- _INSTRUCTIONS FOR THE TASK_
Retype the data exactly, skipping any picture in it.

- _INFORMATION SHOWN_
⁂
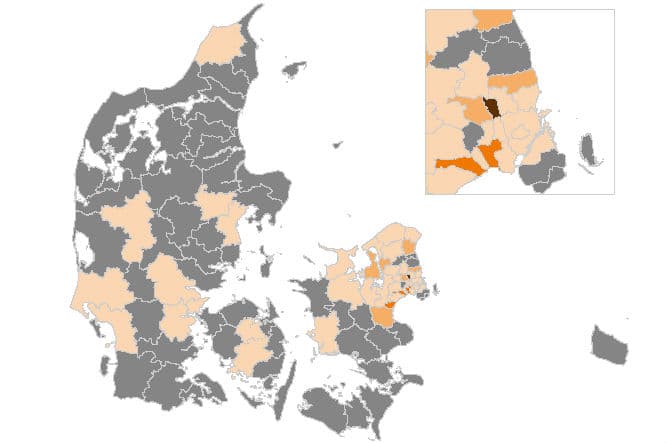 Kun otte kommuner har den seneste uge haft over ti smittede pr. 100.000 indbyggere. De ligger dog alle i det østlige og nordlige Sjælland, nemlig Herlev, Brøndby, Ishøj, Solrød, Køge, Lyngby-Taarbæk, Fredensborg og Frederikssund.
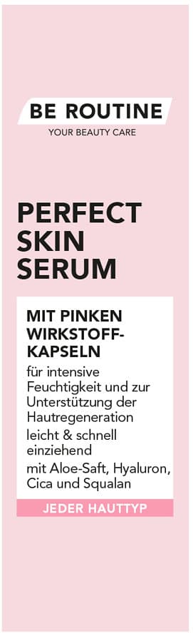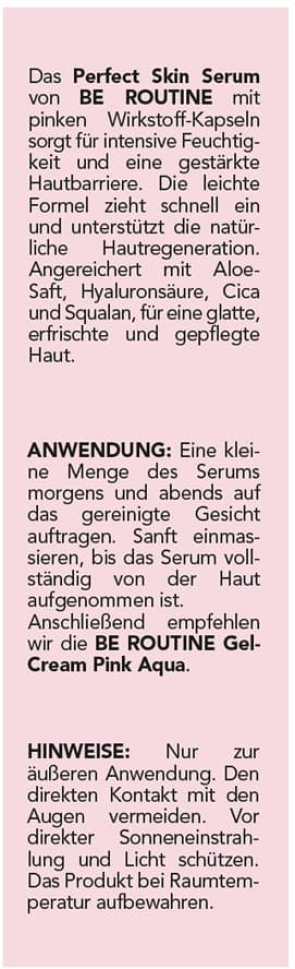 Das BE ROUTINE Perfect Skin Serum mit pinken Wirkstoff-Kapseln sorgt für ein Gefühl von Feuchtigkeit und unterstützt die Hautgeneration. Die leichte, schnell einziehende Formel pflegt die Haut angenehm weich. Aloe-Saft, Hyaluronsäure, Cica und Squalan schenken eine glatte, erfrischte und gepflegte Haut.
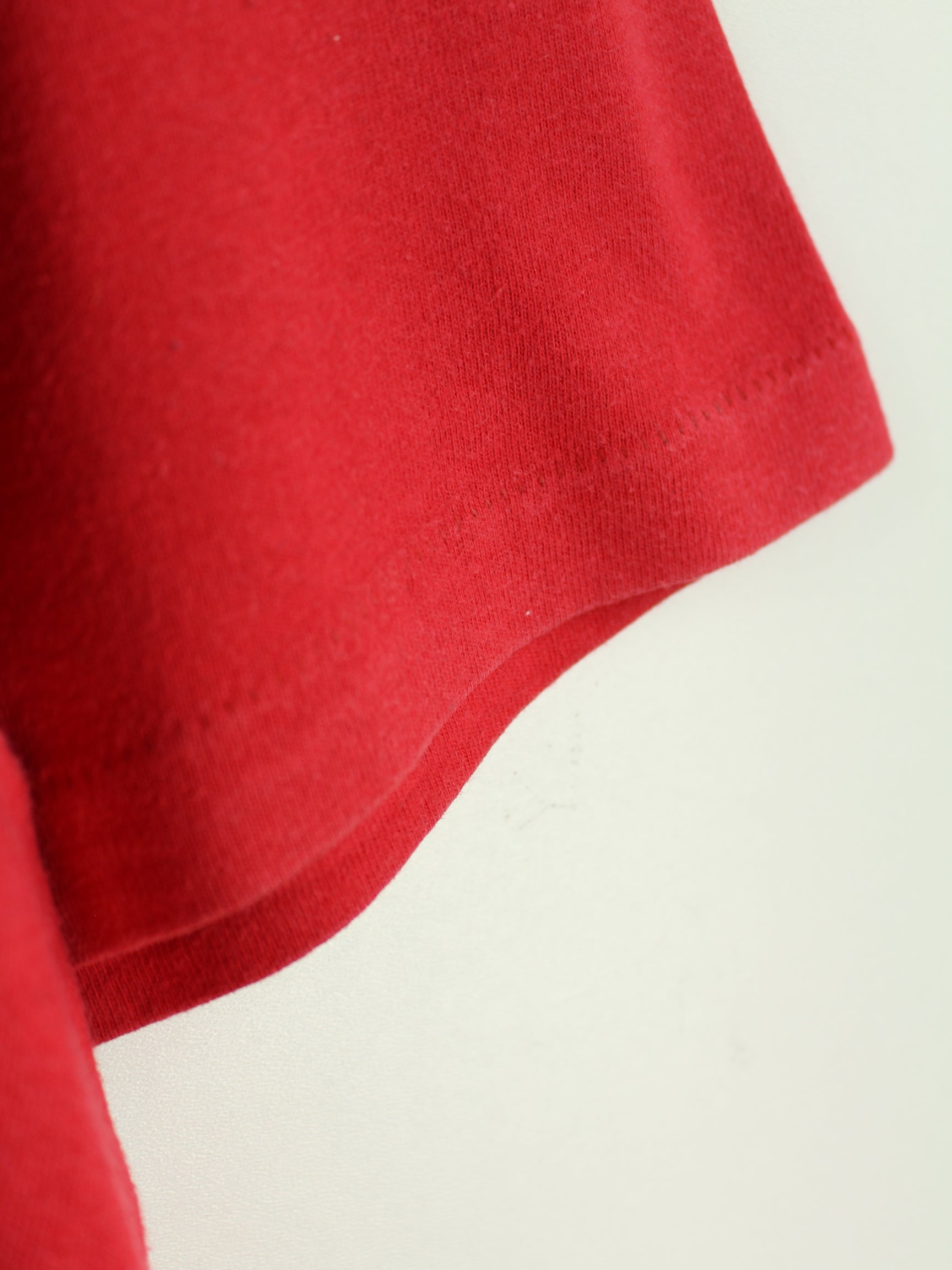 Vintage T-Shirt in Größe XL aus den 90'ern. Es ist aus einer Baumwollmischung hergestellt und in Rot zu bekommen. Mit seltenem Field Print.
⁂
- _EXERCISE OUTPUT_
 Kun otte kommuner har den seneste uge haft over ti smittede pr. 100.000 indbyggere. De ligger dog alle i det østlige og nordlige Sjælland, nemlig Herlev, Brøndby, Ishøj, Solrød, Køge, Lyngby-Taarbæk, Fredensborg og Frederikssund.
 Das BE ROUTINE Perfect Skin Serum mit pinken Wirkstoff-Kapseln sorgt für ein Gefühl von Feuchtigkeit und unterstützt die Hautgeneration. Die leichte, schnell einziehende Formel pflegt die Haut angenehm weich. Aloe-Saft, Hyaluronsäure, Cica und Squalan schenken eine glatte, erfrischte und gepflegte Haut.
 Vintage T-Shirt in Größe XL aus den 90'ern. Es ist aus einer Baumwollmischung hergestellt und in Rot zu bekommen. Mit seltenem Field Print.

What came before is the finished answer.